Home is my father playing the trumpet — the music drifting. In Paterson. My grandfather’s house has a stained-glass window, and when my grandmother weeps, sick of this life, sick of the burden of simply being herself, there is the stained glass to focus on. My Grandpa Frank on the other side of town — with his Armenia and his wife, who will not live long-worked in the silk mills. Later, he will be beaten nearly to death with the pipe he began to keep under his bed for protection. Paterson, by then, having turned against us.

But not against me, not then.

Cadence was the block I lived on. Language my home. Charmed one, I was born into a poem.

ERSKINE LAKE

Home was a blue lake in summer then and a man in a boat who followed us as we swam its length and a woman who taught us all the names of the wild flowers, and they were our parents. I don’t know how it happened and so quickly, but suddenly there are five of us children. There is not one quiet place. And I learn to build a place of silence and serenity and space in some newly discovered zone of my brain. A place where I might not only live, but flourish. Without it, there is no interior life; without, it I sense I am going to die. Imagination was my home, my salvation then. The blue lake. The space in me.

And my mother, too, is a consolation through the chaos, constructing a safe universe, a world of love and stability in which to experiment, play; a place of confidence where in those long summers before school started she handed me the secret key. As we sat next to the water, she taught me that glittering, miraculous handful of charms — the alphabet. The child draws the letter A and makes a home under its roof. She learns of the shade a T might cast. The light coming off K. The shelter of the letter M.

And my mother reads to me. All kinds of wondrous things: Wordsworth and Blake and Jarrell and Poe as I fall into a dream next to the lake’s pale oval. A B C D…

VASSAR COLLEGE

Here I meet my triumvirate of women, the women who will be always true, always rigorous, demanding, loving, always urging me to the next place, always meeting me at least part of the way.

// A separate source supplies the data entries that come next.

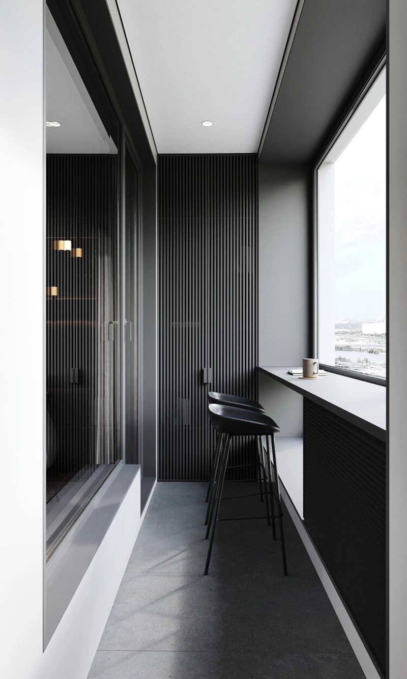 Мы оформили лоджию в едином стиле с кабинетом: тёмные вертикальные рейки, аккуратные панели, скрытые люки-доступы к технике. У окна — высокая барная стойка с парой стульев: можно сделать паузу, выпить кофе и смотреть на залив. Пол — керамогранит, рассчитанный на перепады температур.
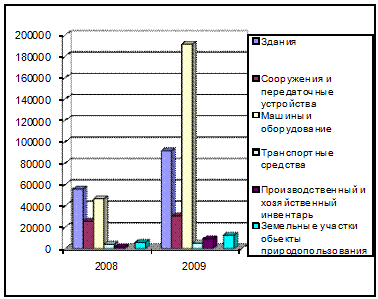 В структуре основных средств наибольшую долю занимают производственные фонды, причем их доля в структуре основных средств увеличилась в 2009 году с 95,98% до 96,34%, соответственно доля непроизводственных фондов снизилась с 4,11% до 3,66%.
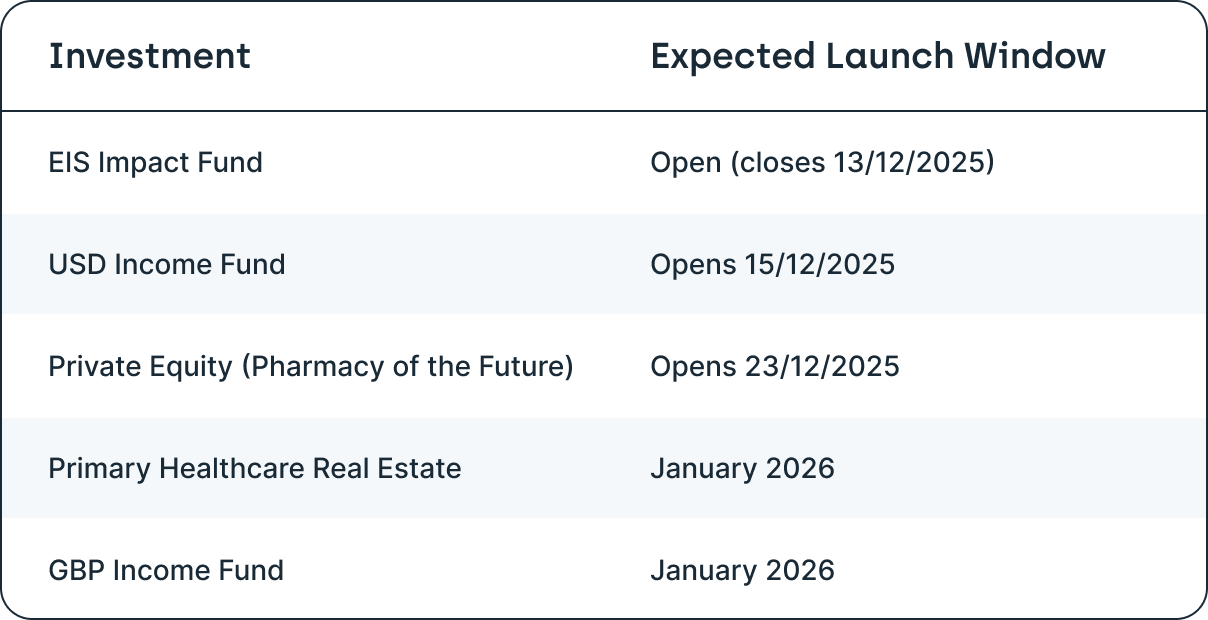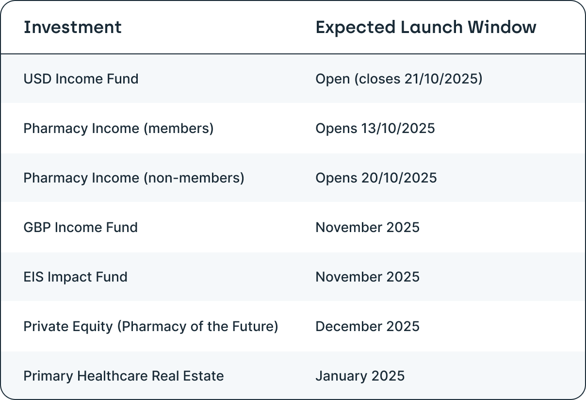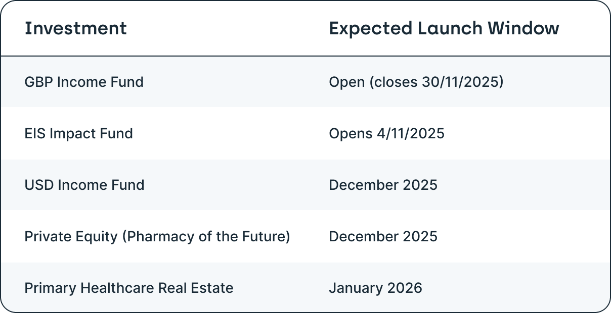 The following is the expected fund-raising activities for our core Cur8 Capital Funds & Strategies and Partner Managed Funds. We will present an update at the start of every month.
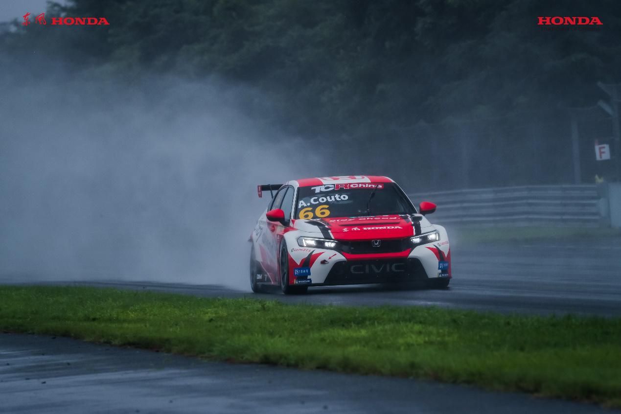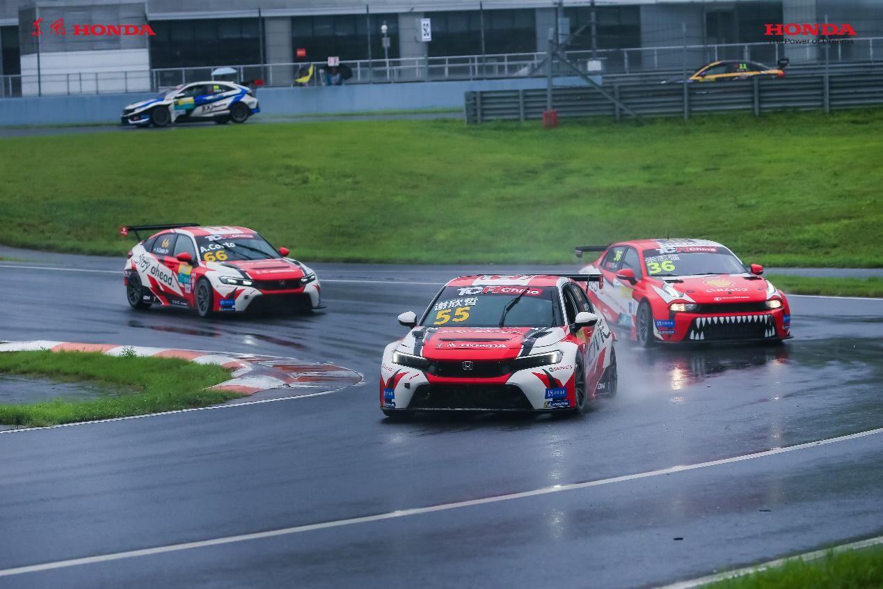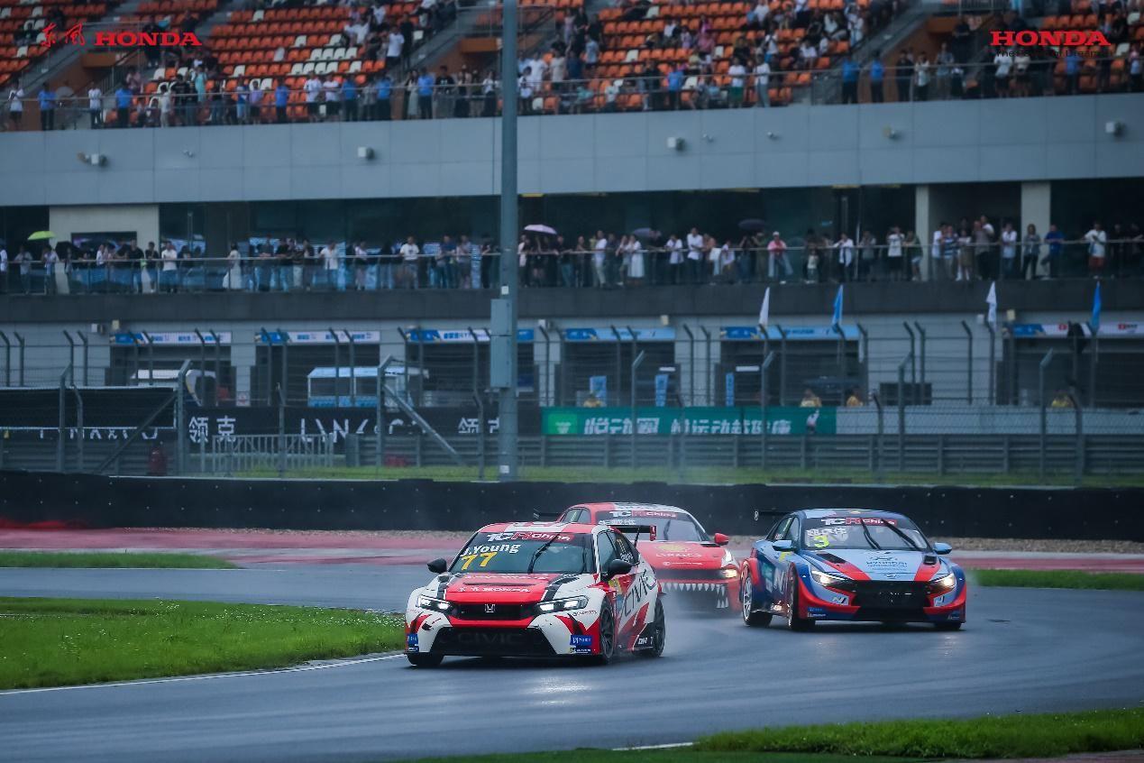 来到下午的第二回合比赛,东风本田车队的高度、谢欣哲、Jack Young分别在第7、第8及第10位发车。本场比赛第一个高潮出现在第三圈,77号车手Jack 驾驶全新一代CIVIC TYPE R上演雨战秘技,连续几个躲闪超车,来到了全场第五的位置。而第二个沸点同样来自这台77号CIVIC TYPE R赛车:在比赛剩下不到5分钟的时刻,Jack Young突然发力,躲过前面两支车队的“夹击”,一跃而至第二,引得全场观众欢呼,并刷出本回合赛事的最快单圈时间1:45.423,车手的精彩技巧和新赛车的优秀性能被展现得淋漓尽致。

Helen. During our courtship in that Hudson Valley we pick apples. I recite Frost’s “After Apple Picking” to her so that words and the apples become interchangeable — round, heavy, luscious, carrying sensual meaning: the apples, the language, and my strange love for this woman I have only just met. Everything becomes entangled; the apples falling, and the falling in love, and the delicious surrender to it all. Everything round and gorgeous and falling: home.

We in the nearly twenty years since that day have created a place — a familiar place, on which for the most part we can agree: home. A continuity. A kind of home is in her arms, in her enormous intelligence, in her flexibility, in her passion — and we are, despite everything, despite danger and madness and sorrow and addiction, safe. A little safe.